Note that this value of `top_k` that offers the baseline as much flexibility as possible, but is also an important indication of how incorrect the baseline will become if attacked. It is also an indication of how much more robust your SAP-defended model is compared to the baseline if it's able to do well with just `top_k=1`.

ANSWER:

### Display results
We've already stored the results in a dictionary. Let's put them in a Pandas DataFrame to make them nicer to look at. Export your results to a CSV to save them.

It might take some manual work, but if you run any training loop more than once you should probably keep track, e.g. in a spreadsheet or in file names, of which one is which. In particular, always ensure you will know which model is the most recently trained: even better, ensure you'll still know in a month or more.

In [None]:
df_results = pd.DataFrame(results_dic)
df_results

In [None]:
# YOUR CODE HERE

### Tensorboard
Use the cell below to open a Tensorboard session, and check out the train accuracy/loss and validation loss over the training period.
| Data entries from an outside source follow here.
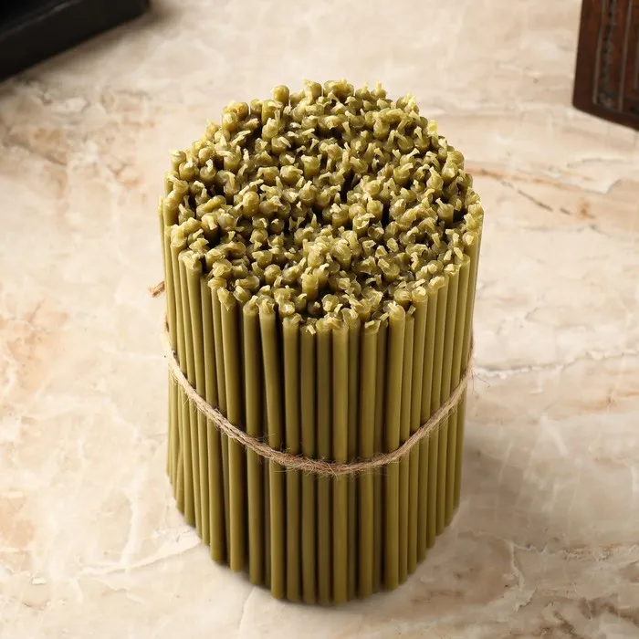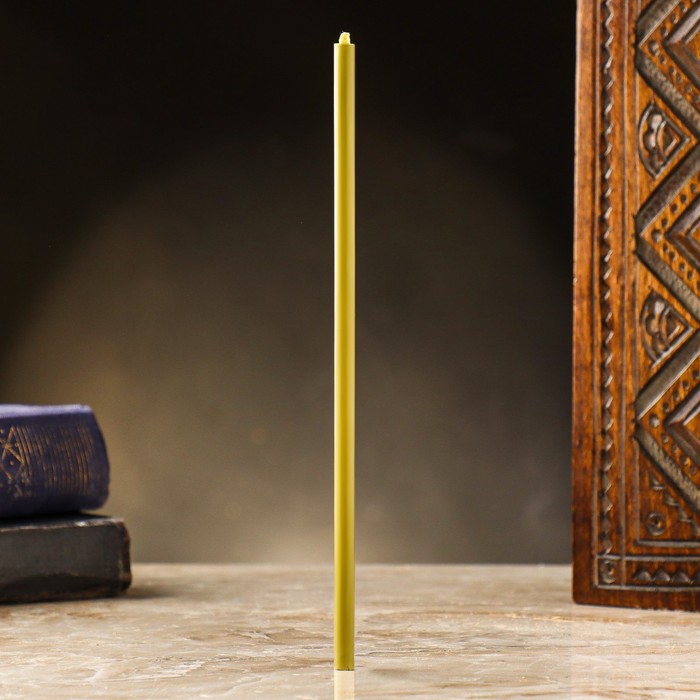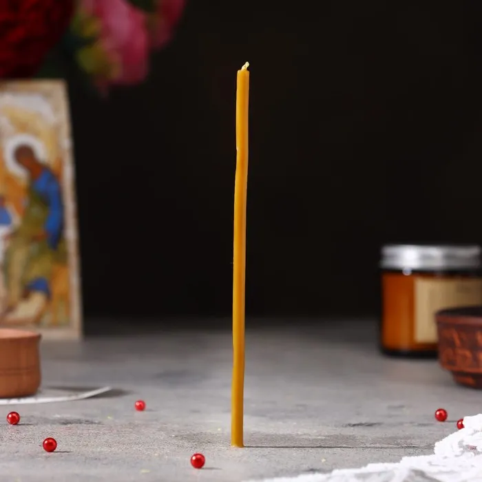 Эту свечу вы сможете использовать как в церковном, так и в домашнем обиходе для религиозных обрядов. Она не содержит ароматических примесей и красителей.
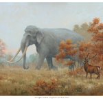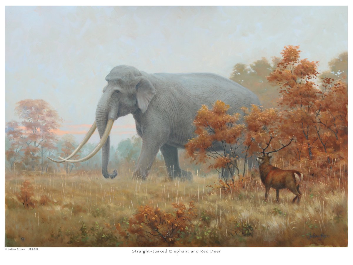 The straight-tusked elephant was a huge animal that ranged right across Europe until its extinction around 30,000 years ago. Straight-tusked elephant and red deer. Oil on canvas. Now available as a print! Have a great weekend! #wildlifeart #extinction #extinctanimals #paleoart
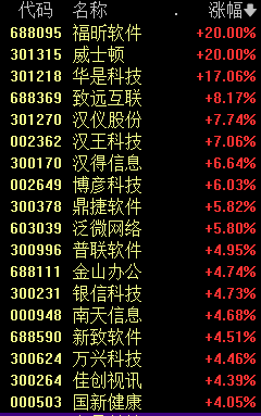 今天上午,威士顿、福昕软件20%涨停;金山办公上涨4.74%,最新市值为2093亿元,上午成交额为36.9亿元,为A股第一。
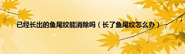 大家好,已经长出的鱼尾纹能消除吗,长了鱼尾纹怎么办很多人还不知道,现在让我们一起来看看吧!
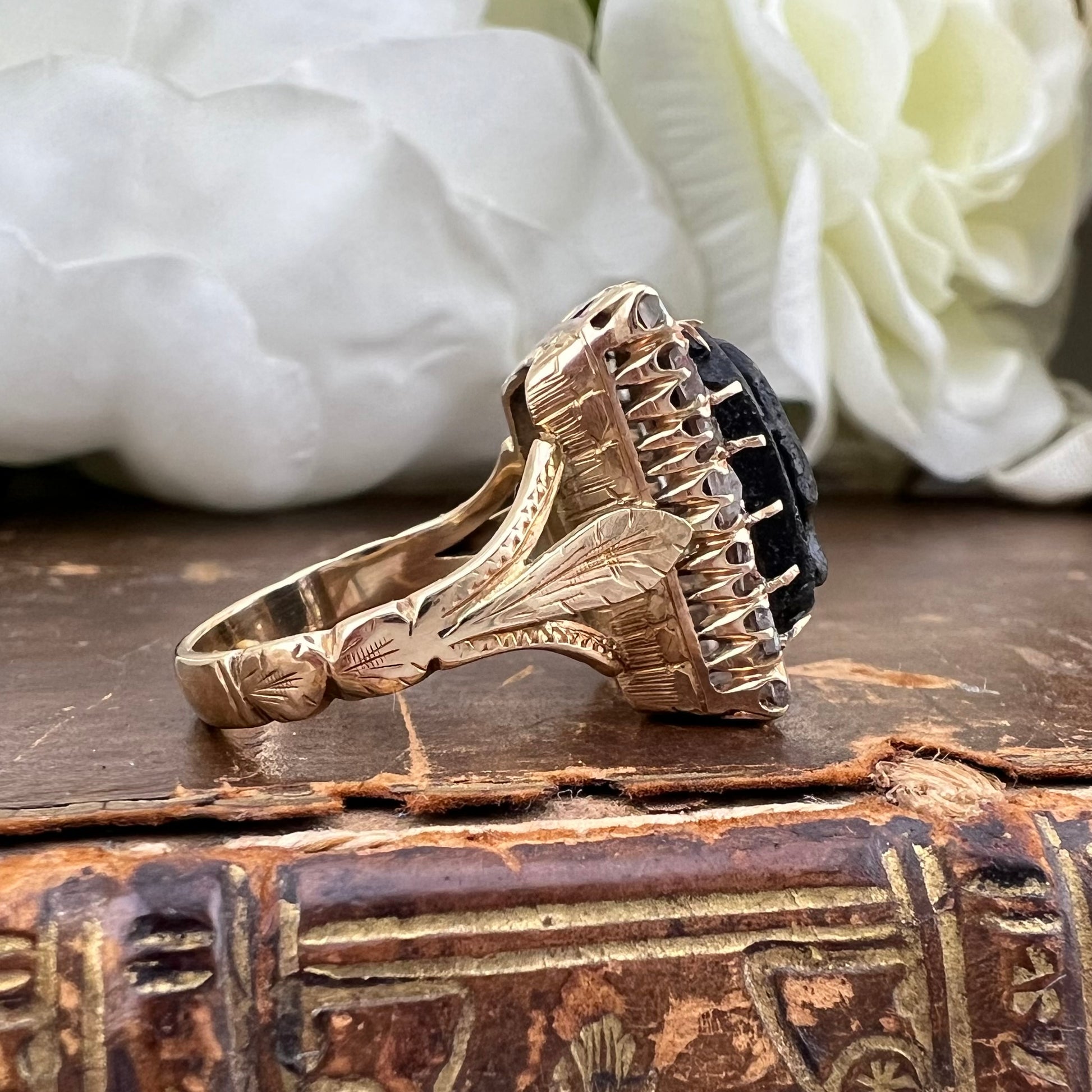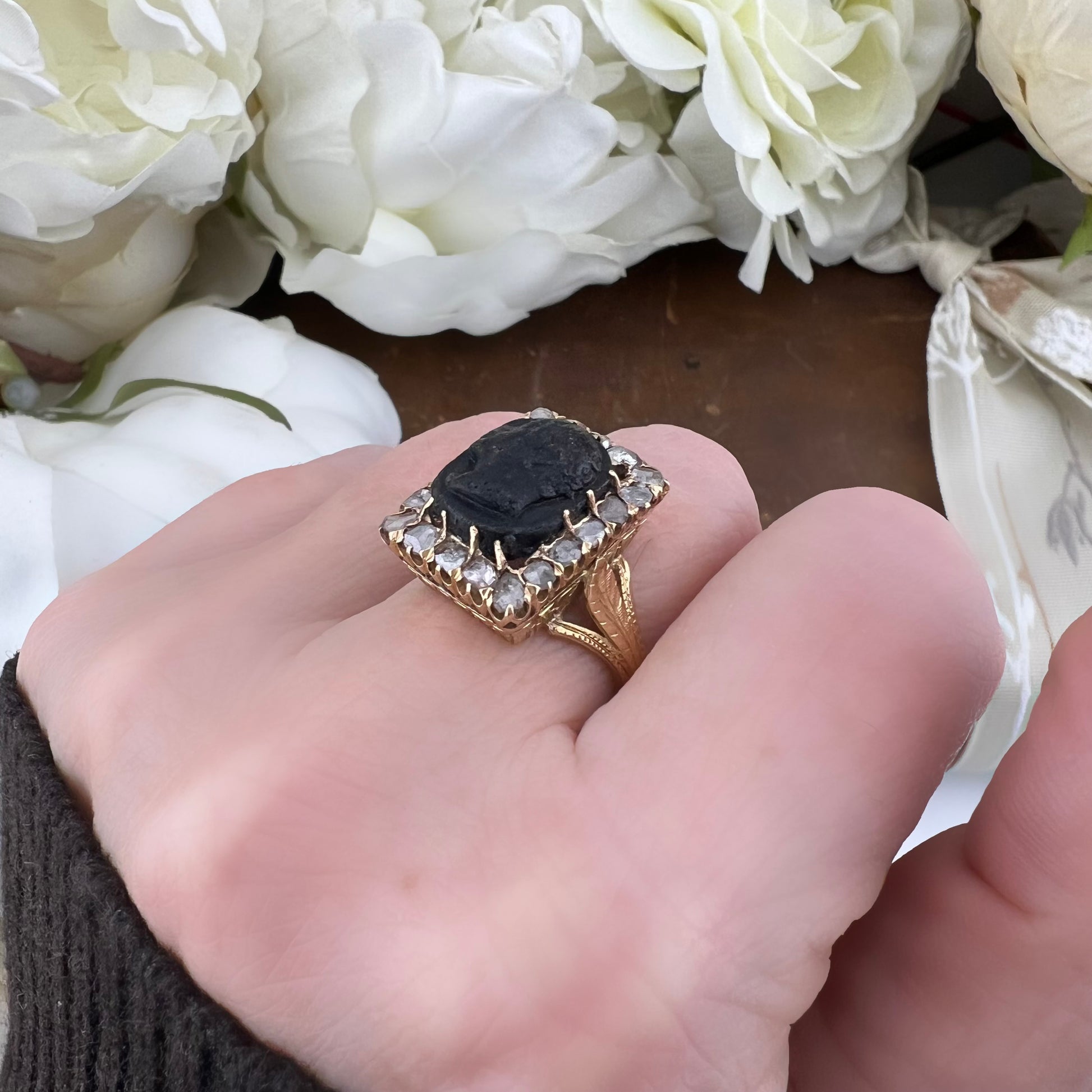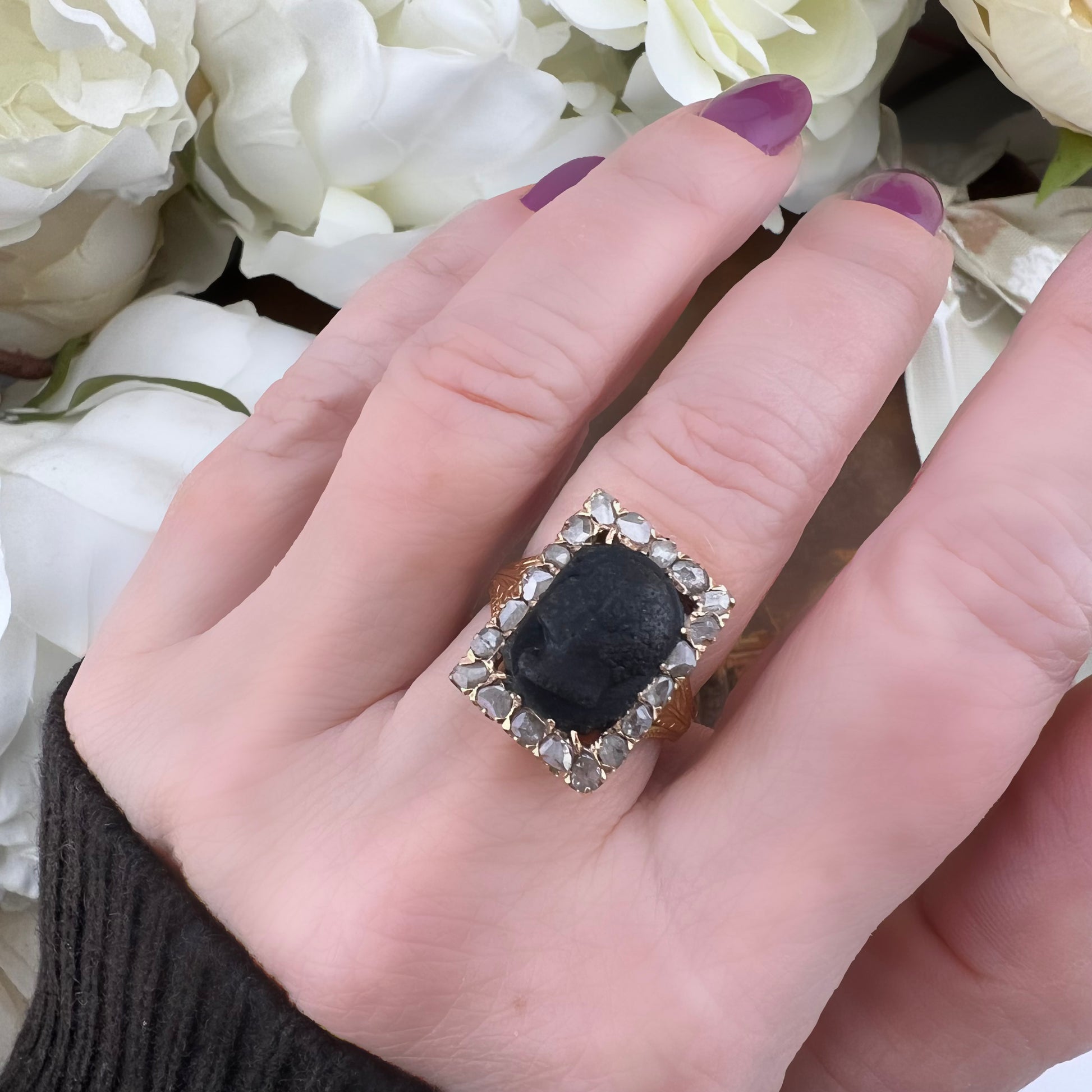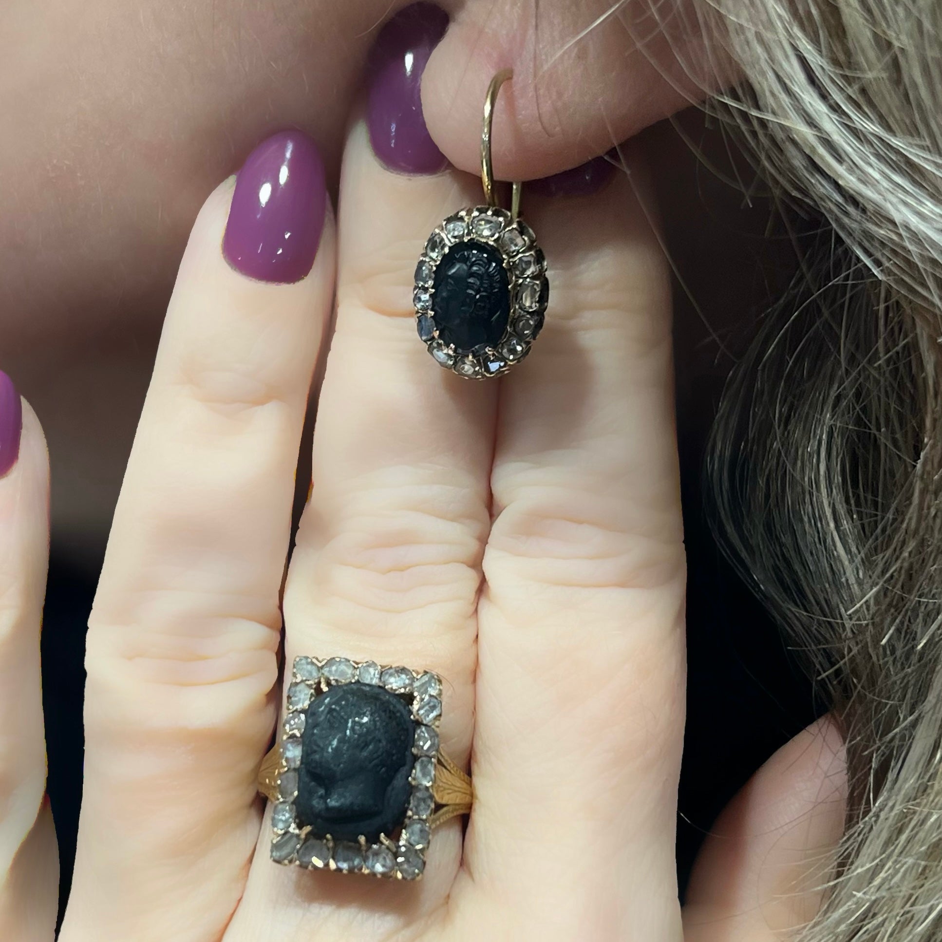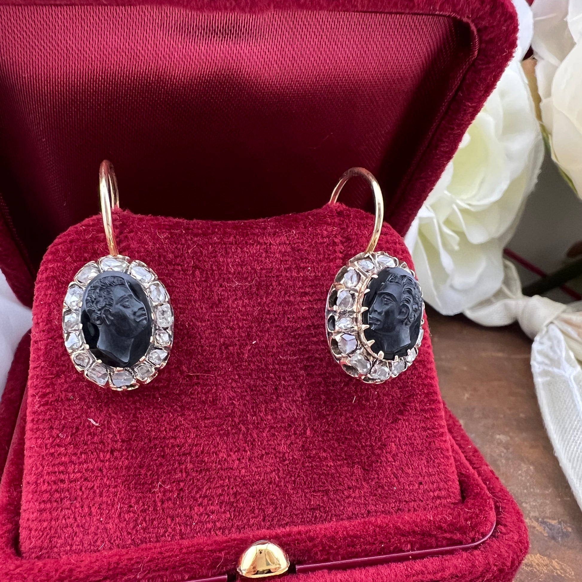 I Moretti sono incorniciati da diamanti a taglio rosetta, incastonati singolarmente in montature chiuse, secondo il gusto dell’epoca. Il taglio antico conferisce una luminosità morbida e vibrante, perfettamente coerente con l’estetica ottocentesca e di grande fascino per i collezionisti.

Take screenshots or export images of some salient graphs. Briefly describe what you notice. See [the documentation](https://colab.research.google.com/github/tensorflow/tensorboard/blob/master/docs/tensorboard_in_notebooks.ipynb) to find how to use Tensorboard with Google Colab.

In [None]:
%load_ext tensorboard

(YOUR ANSWER HERE)

### Final question
Comment on your results and any adjustments you've made to the experiments. What did you expect? What met or differed from your expectations? How would you compare the attacks? How would you compare the defenses (in raw performance? in performance against adversarial examples? in training time?)?

(YOUR ANSWER HERE)

### Bonus
Technically, because SAP is stochastic, the authors average the outputs of 100 runs. Try implementing this. How does the model's regular performance change? How does its performance against adversarial attacks change?